> _Exercise_
Line by line, set down the records below from the first line through the line containing "肌研极润清爽水乳三步洗面奶爽肤水乳液 玻尿酸补水敏感肌护肤套装". Omit the pictures.

───── Data for the task ─────

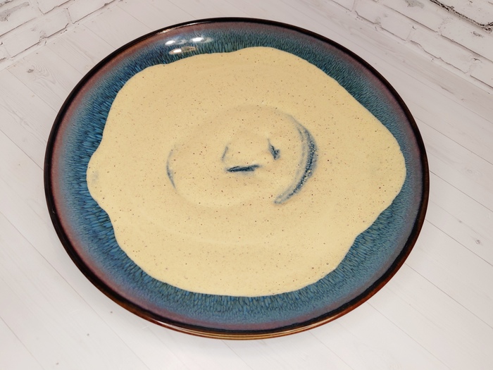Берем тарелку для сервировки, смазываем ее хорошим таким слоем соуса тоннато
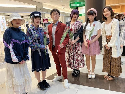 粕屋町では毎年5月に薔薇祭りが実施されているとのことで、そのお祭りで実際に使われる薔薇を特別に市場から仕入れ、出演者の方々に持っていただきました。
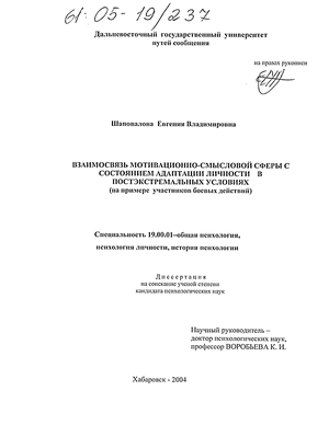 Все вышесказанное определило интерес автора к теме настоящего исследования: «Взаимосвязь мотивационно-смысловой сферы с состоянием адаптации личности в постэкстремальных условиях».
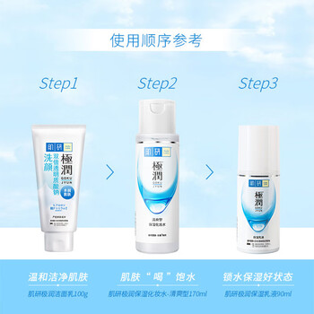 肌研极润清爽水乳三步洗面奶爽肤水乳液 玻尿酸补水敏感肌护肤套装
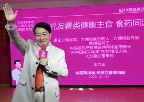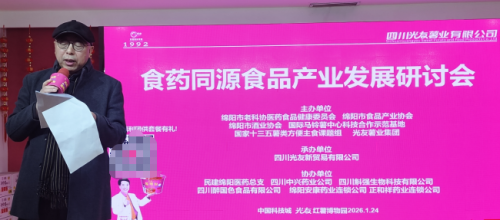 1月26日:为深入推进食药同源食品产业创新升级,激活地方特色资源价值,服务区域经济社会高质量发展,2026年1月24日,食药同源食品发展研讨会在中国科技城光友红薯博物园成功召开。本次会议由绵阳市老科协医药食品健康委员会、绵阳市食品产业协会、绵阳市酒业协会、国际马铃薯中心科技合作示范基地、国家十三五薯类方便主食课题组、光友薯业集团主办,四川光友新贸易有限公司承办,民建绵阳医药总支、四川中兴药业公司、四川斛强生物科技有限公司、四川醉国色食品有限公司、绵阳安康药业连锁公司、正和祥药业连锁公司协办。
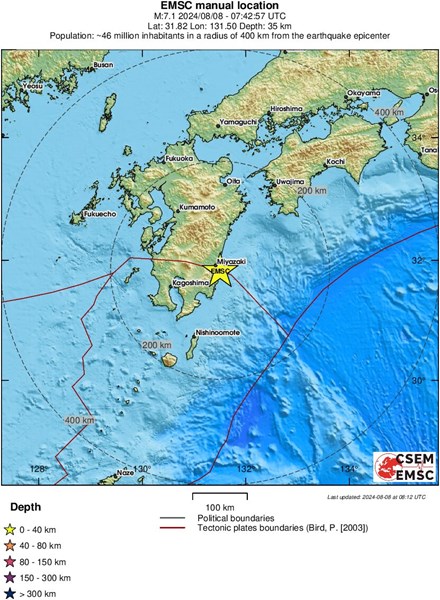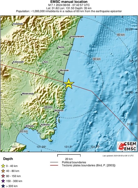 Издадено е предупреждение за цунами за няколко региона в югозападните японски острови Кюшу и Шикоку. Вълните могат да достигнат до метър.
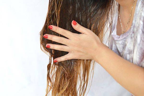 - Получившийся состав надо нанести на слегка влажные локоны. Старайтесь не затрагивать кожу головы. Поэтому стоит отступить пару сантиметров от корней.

─────

> _Exercise answer_
Берем тарелку для сервировки, смазываем ее хорошим таким слоем соуса тоннато
 粕屋町では毎年5月に薔薇祭りが実施されているとのことで、そのお祭りで実際に使われる薔薇を特別に市場から仕入れ、出演者の方々に持っていただきました。
 Все вышесказанное определило интерес автора к теме настоящего исследования: «Взаимосвязь мотивационно-смысловой сферы с состоянием адаптации личности в постэкстремальных условиях».
 肌研极润清爽水乳三步洗面奶爽肤水乳液 玻尿酸补水敏感肌护肤套装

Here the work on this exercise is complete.